I just wanted to challenge the assumption that we are all domain experts in the things we do daily. We are, but … with limitations.

  • imiric 2 days ago

    Exactly.

    A typical programmer works within unfamiliar domains all the time. It's not just about being familiar with the programming language or tooling. Every project potentially has new challenges you haven't faced before, new APIs to evaluate and design, new tradeoffs to consider, etc.

    The less familiar you are with the domain or API, the less instincts and influence you have to steer the LLM in the right direction, and the more inclined you are to trust the tool over yourself. So when the tool is wrong, as it often still is, you can spend a lot of time fighting with it to produce the correct output.

    The example in the article is actually the best case scenario for these tools. It's essentially pattern matching using high quality code, from someone who's deeply familiar with the domain and the code they've written. The experience of someone unfamiliar trying to implement the same algorithm from scratch by relying on LLMs would be vastly different.

    • XenophileJKO 2 days ago

      I mean I "understand" your point. However, this isn't any different than being a technical lead in a system of any significant complexity.. you will constantly be reviewing work that you are not always an expert on, it is a very similar practice.

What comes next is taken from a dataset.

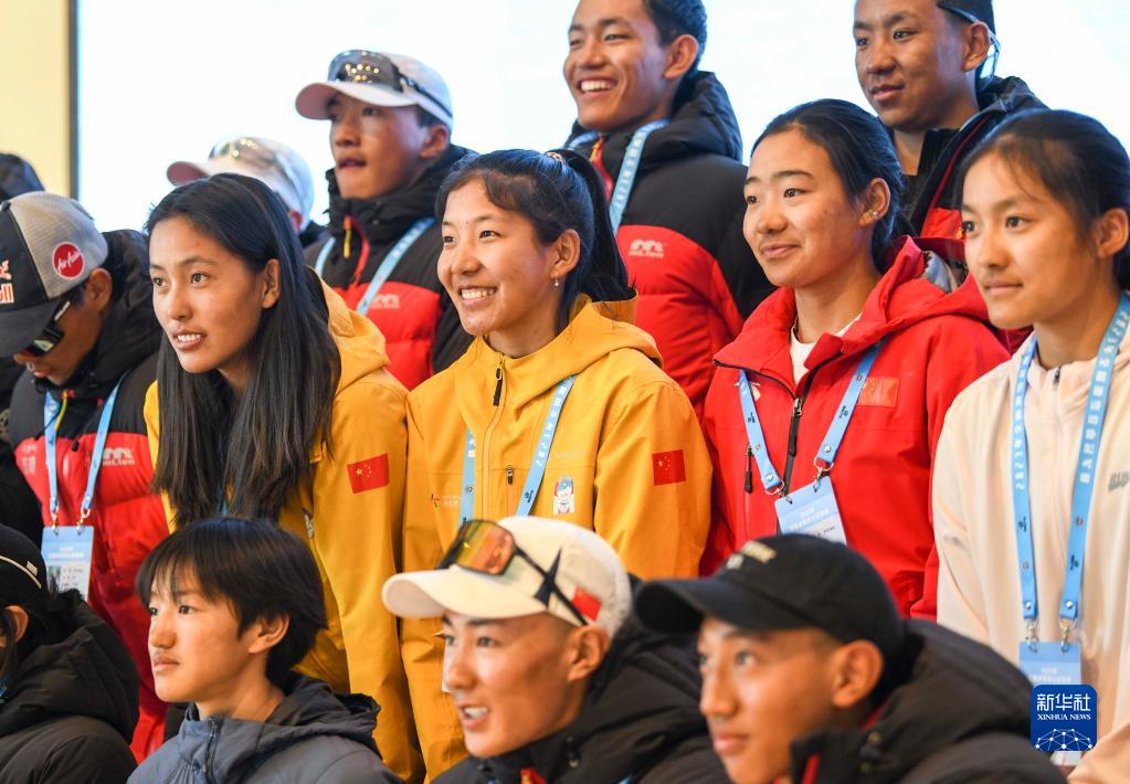 在新疆富蘊(yùn)縣,玉珍拉姆(中排右三)和參與全國(guó)首屆滑雪登山冠軍賽的西藏代表隊(duì)隊(duì)友合影留念(4月7日攝)。新華社記者 胡虎虎 攝

      I'm constantly reviewing things that I am not a domain expert on. I have to identify what is risky, what I don't know, etc. Throwing to the AI first is no different than throwing to someone else first. I have the same requirements. Now I can choose how much I "trust" the person or LLM. I have had coworkers I trust less than LLMs.. I'll put it that way.

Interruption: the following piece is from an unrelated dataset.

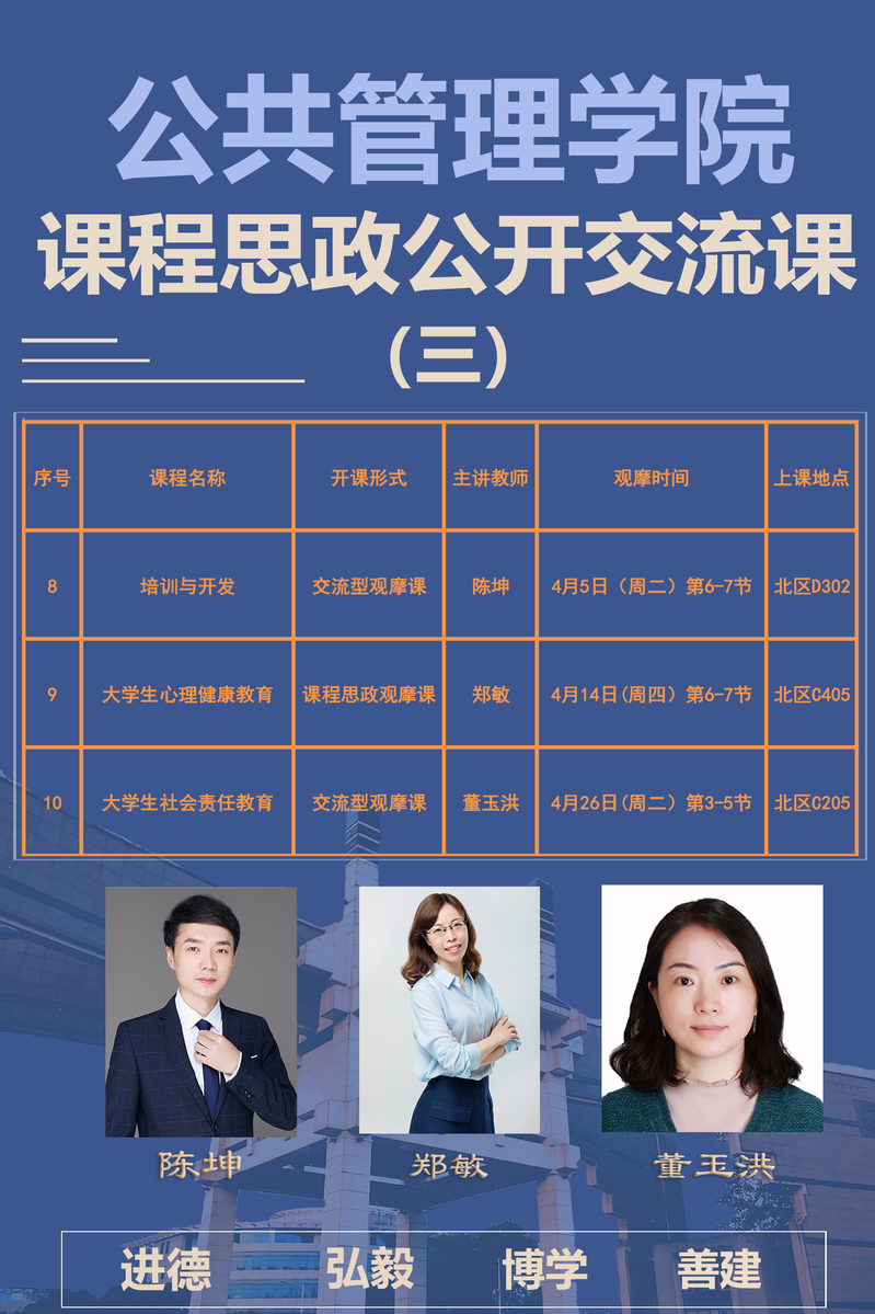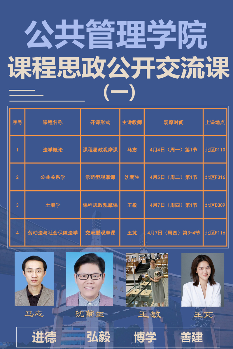 本网讯  为全面落实立德树人根本任务,推进课程思政教育教学改革工作,进一步发挥课堂教学的育人主渠道作用公管学院开展为期一月的课程思政公开交流课教研活动共有10位老师开设“课程思政”公开交流

      So just like with reviewing a co-worker.. pay attention to areas you are not sure what the right method is and maybe double-check it. This just isn't a "new" thing.

      • hitarpetar 16 hours ago

        > Throwing to the AI first is no different than throwing to someone else first

        except in all the ways that it is obviously different

      • imiric a day ago

        Well, you're right that reviewing someone else's work isn't new, but interacting with these tools is vastly different from communicating with a coworker.

        A competent human engineer won't delude you with claims not based in reality, and be confident about it. They can be wrong about practical ways of accomplishing something, but they won't suggest using APIs that don't exist, or go off on wild tangents because a certain word was mentioned. They won't give a different answer whenever you ask them the same question. Most importantly, conversations with humans can be productive in ways that both parties gain a deeper understanding of the topic and respect for each other. Humans can actually think and reason about topics and ideas, they can actually verify their and your claims, and they won't automatically respond with "You're right!" at any counterargument or suggestion.

        Furthermore, the marketing around "AI" is strongly based on promoting their superhuman abilities. If we're led to believe that these are superintelligent machines, we're more inclined to trust their output. We have people using them as medical professionals, thinking that they're talking to a god, and being influenced by them. Trusting them to produce software is somewhere on that scale. All of this is highly misleading and potentially dangerous.

        Any attempt at anthropomorphizing "AI" is a mistake. You can get much more out of them by using them as what they are: excellent pattern matching probabilistic tools.